世界最速タイ3階級覇者のWBO世界フライ級王者田中恒成(23=畑中)が年末、井岡一翔(30)をターゲットに世界4階級制覇に挑む可能性が浮上した。田中陣営は29日、名古屋市内で会見し、8月24日、愛知・武田テバオーシャンアリーナで同級1位ジョナサン・ゴンサレス(28=プエルトリコ)と2度目の防衛戦を行うと発表。V2成功後の次戦が井岡戦になる可能性を否定しなかった。

現在WBOスーパーフライ級2位の井岡は6月19日に千葉・幕張メッセで「日本ジム所属選手初の世界4階級制覇」をかけ、同級1位アストン・パリクテ(28=フィリピン)と同級王座決定戦に挑む。田中はその試合を観戦予定。すべては井岡が王者になり、田中がV2に成功した場合の“たら話”だが、畑中清詞会長は「可能性はあります」。田中も「年末まで短いし、高い可能性ではないと思う」と前置きした上で「チャンスがあれば、やります」と前向きだ。

田中は井岡を「ボクサーとして尊敬している」と公言、年末激突とならなくても、近い将来の対戦を希望している。そのためにもV2戦は大事。ゴンサレスを「テクニックとスピードの印象が強い」と警戒した。

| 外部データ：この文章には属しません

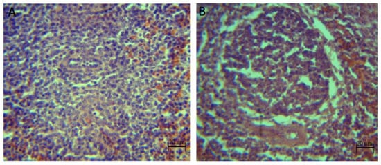 The development of lymphoid tissues can reflect the immune system response and functionality. Bursa of Fabricius, spleen and thymus are the main immune organs involved in humoral and cell immunity of animals []. Bursa of Fabricius is required for B-cell development, the function of spleen, the biggest peripheral immune organ, is involved in the chicken’s immune reaction, and thymus is the site of T-cell maturation [,].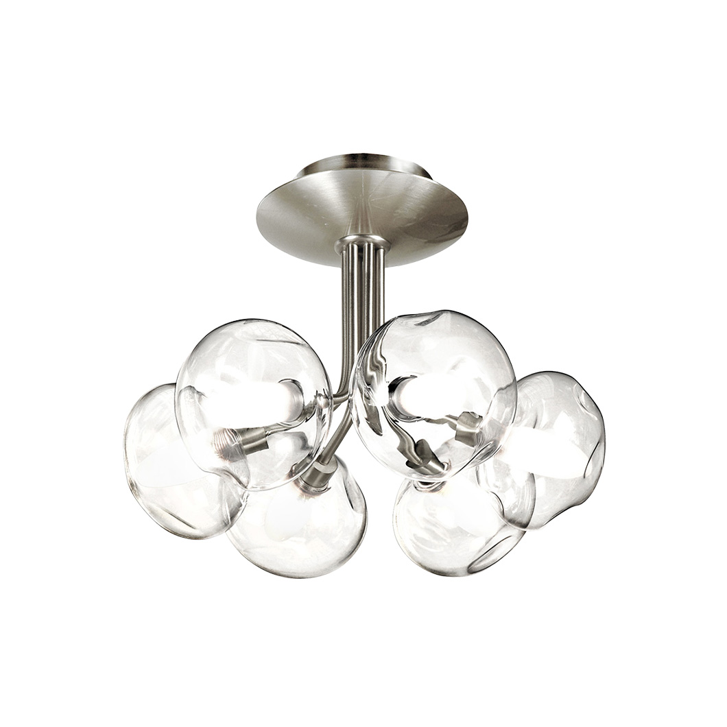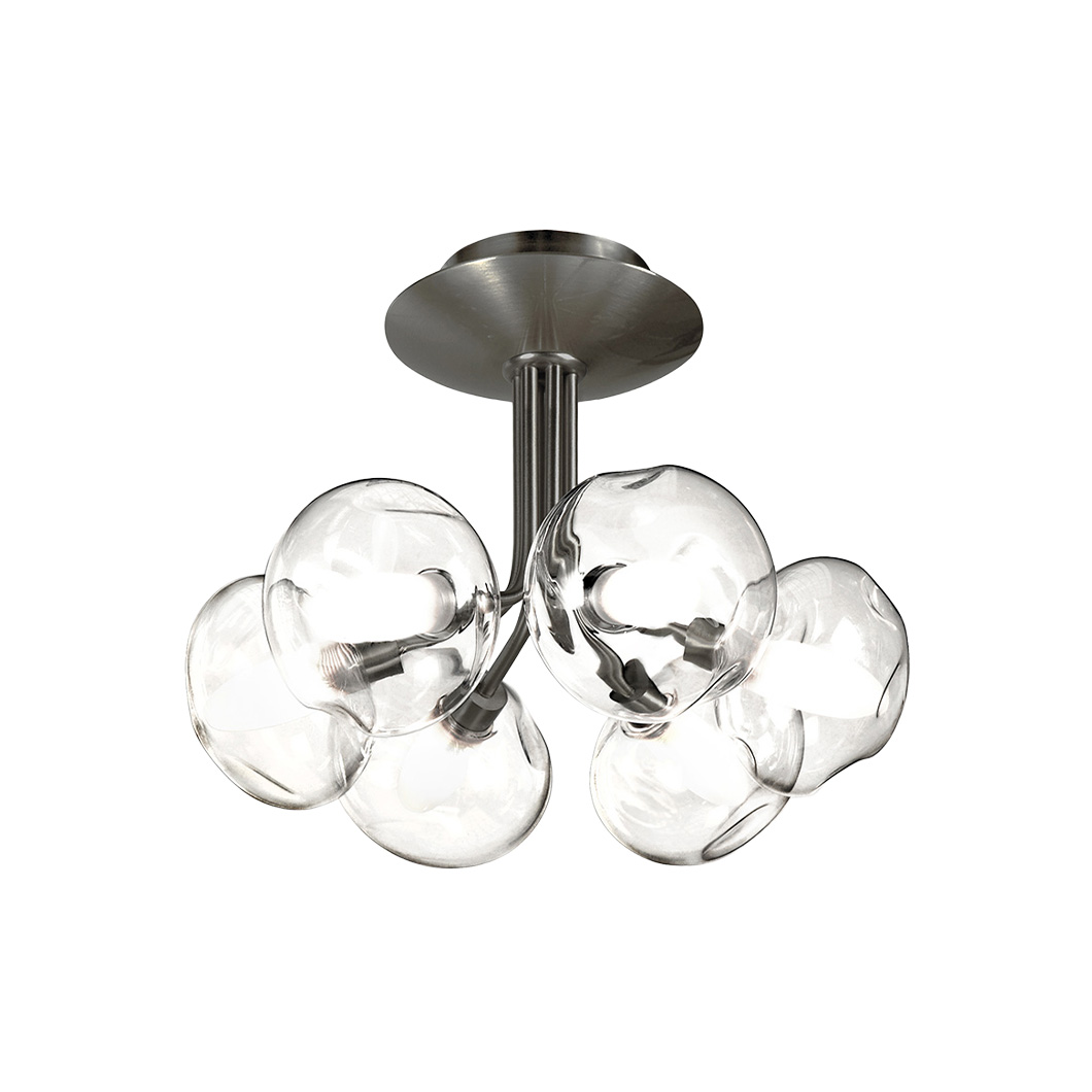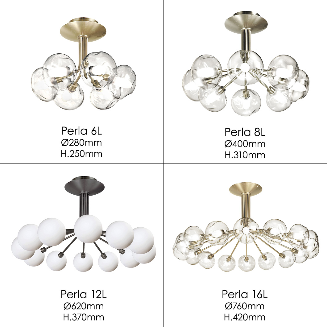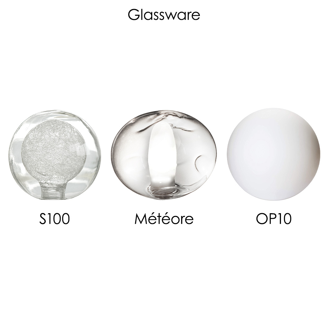 Choose between three stylish finishes for the metal structure: bruni, satin graphite, or satin nickel. Perla is also available with three glassware variants, offering both clear and opal white options: S100, Météore, or OP10. Light sources not included.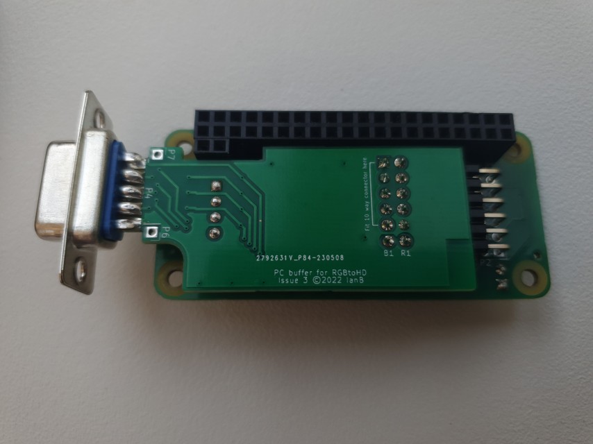 An optional add-on is a TTL buffer board. This buffers the input signals coming in, protects the CPLD from damage, and is an easy way to get the input video port(s) to the outside of the recommended plastic case for the RGBtoHDMI.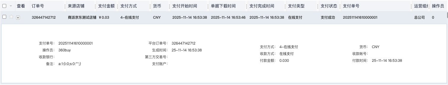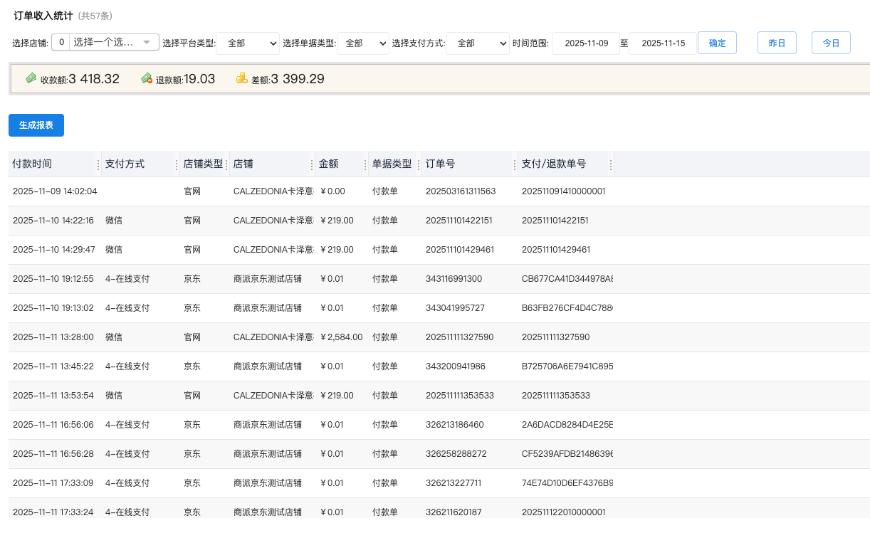 可按店铺、时间段、单据类型、支付方式、订单号、支付单号/退款单号维度筛选。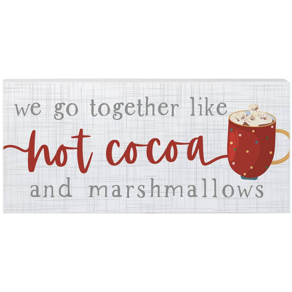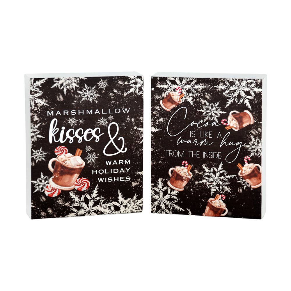 Ajoutez une tasse de chaleur hivernale aux présentoirs de ferme avec le set Hot Cocoa Bar Blocks. Comprenant trois plaques de siège en bois, cet ensemble présente une palette de couleurs rouge vif et blanc avec des bords vieillis. Un bloc mesure 2,5 pouces de haut sur 3 pouces de large et indique « bonne humeur » en texte rouge et en script sur fond blanc. Le design comporte un cadre à trois lignes et un joli flocon de neige dans un coin. Le deuxième bloc est découpé en forme de tasse et présente une finition rouge avec une inscription blanche et un texte indiquant « bisous au cacao chaud et à la guimauve ». Il mesure 2,5 pouces de haut sur 3 pouces de large. Le plus grand bloc mesure 2 pouces de haut et 6,5 pouces de large avec une finition blanche et un texte rouge indiquant « Hot Cocoa Bar » avec un cadre rouge. Tous les blocs ont une profondeur de 0,75 pouces pour un affichage autoportant robuste. Affichez cet ensemble ensemble ou répartissez-le sur plusieurs écrans. Les blocs sont magnifiques avec des ingrédients servant à la fabrication du cacao, de la menthe poivrée ou des fleurs de fruits rouges.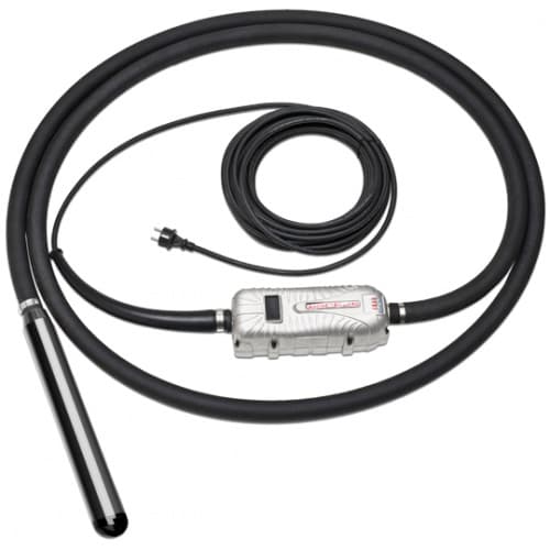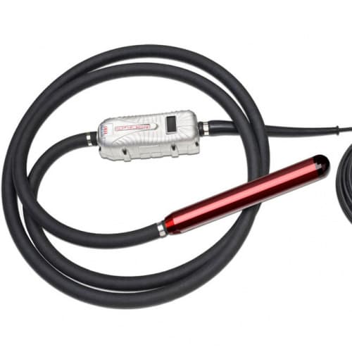 Глубинный вибратор SPYDER PRO 38 со встроенным преобразователем применяется для уплотнения бетонных смесей. Мощность двигателя 0,75 кВт. Диаметр булавы 38 мм, а длина 370 мм. Длина вала 5 метров. Корпус вибратора выполнен из алюминия. Кнопка управления изолирована, что позволяет избежать проникновения жидкости внутрь. Если оборудование фиксирует, что сила тока превышает средние показатели, оно автоматически отключается. Вибратор оснащен фильтром против электромагнитных интерференций сети. Вес оборудования 14,6 кг.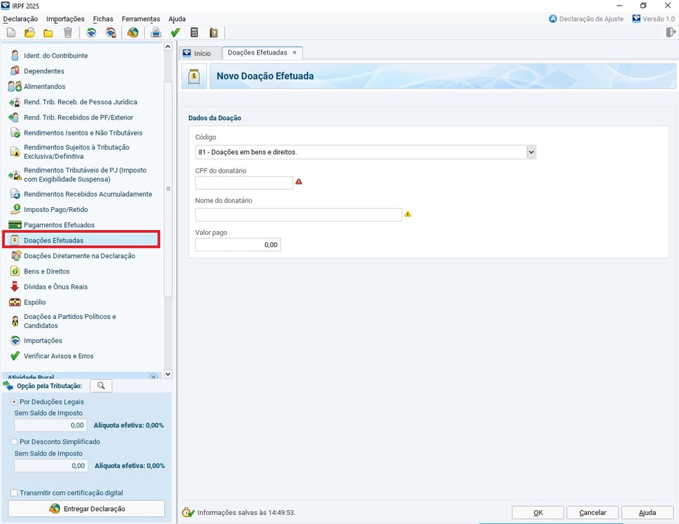 Para quem realizou doações no ano passado,é possível adicionar os valores na aba "Doações Efetuadas". Dentro da ficha,o programa apresenta as diversas opções que podem ser utilizadas para dedução de impostos,como incentivos à cultura,esportiva,ao incentivo audiovisual,ao ECA e ao Projeto Nacional de Apoio à Atenção Oncológica (Pronon).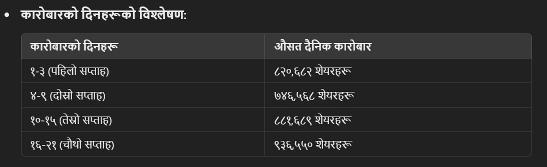 - कारोबारको वृद्धि: जेठमा प्रतिदिन लगभग १ अर्ब रुपैयाँको शेयर कारोबार भएको थियो। जेठमा कुल शेयर कारोबार २१.६७९ मिलियन शेयरहरूमा थियो, जसमा प्रतिदिनको औसत कारोबार १.३३२ मिलियन शेयरहरूमा थियो।
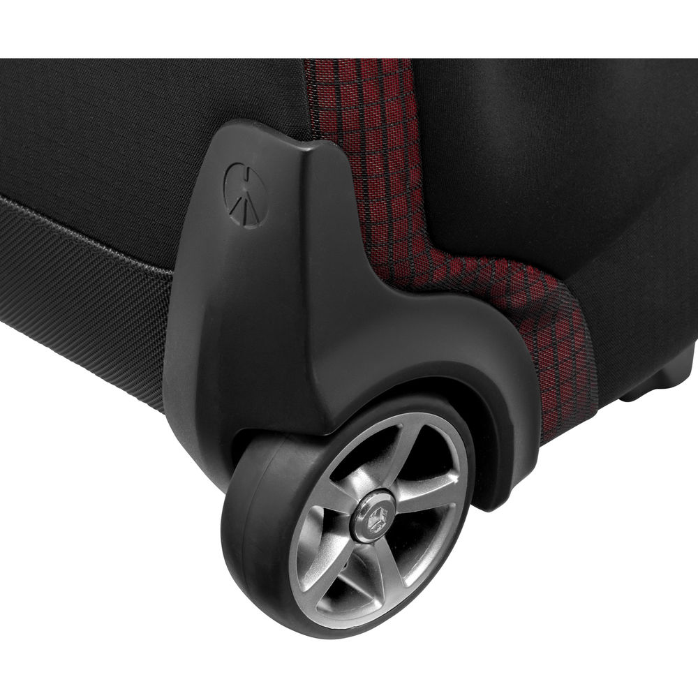 Carry the Pro Light Reloader Air-55 Camera Roller Bag with the side and top grip handles, or roll it on the two rear transport wheels. These wheels are user-serviceable, and for security, there is a TSA-approved, built-in combination zipper lock. For weather protection, the bag has a fold-out rain protector. External connections are provided for attaching a tripod or other gear. The light gray interior fabric makes it easier to locate gear in low light.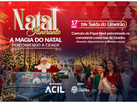A ACIL realizará, no dia 17 de dezembro, com o apoio da Prefeitura de Limeira, a primeira edição da Carreata de Natal ACIL Itinerante, uma ação que promete transformar Limeira em um grande cenário iluminado e festivo. A concentração será no Limeirão a partir das 18h30, com saída marcada para as 19h. A proposta é levar encanto, música e o clima natalino para diversos corredores comerciais da cidade, unindo empresas, comerciantes e a população em um momento de celebração.

ゴンサレスはサウスポーでプロ2戦目以来約5年ぶりに対戦するスタイルだが、東京五輪を目指すサウスポーのアマチュア兄亮明(25)とスパーリングを重ねて対策を練る。

日本ではWBA&IBFバンタム級王者の“モンスター”井上尚弥が話題を独占している。「1番刺激を受ける人ですが、どこか悔しい思いもある」という田中は「周囲に“こいつはもっといけるな”と思わせるような試合、スピードを全面に出してKOで勝ちたい」と宣言した。実現すれば、日本ボクシング界最高のドリームマッチとなる「田中VS井岡」。その可能性を高めるためにも、完勝で次につなげるつもりだ。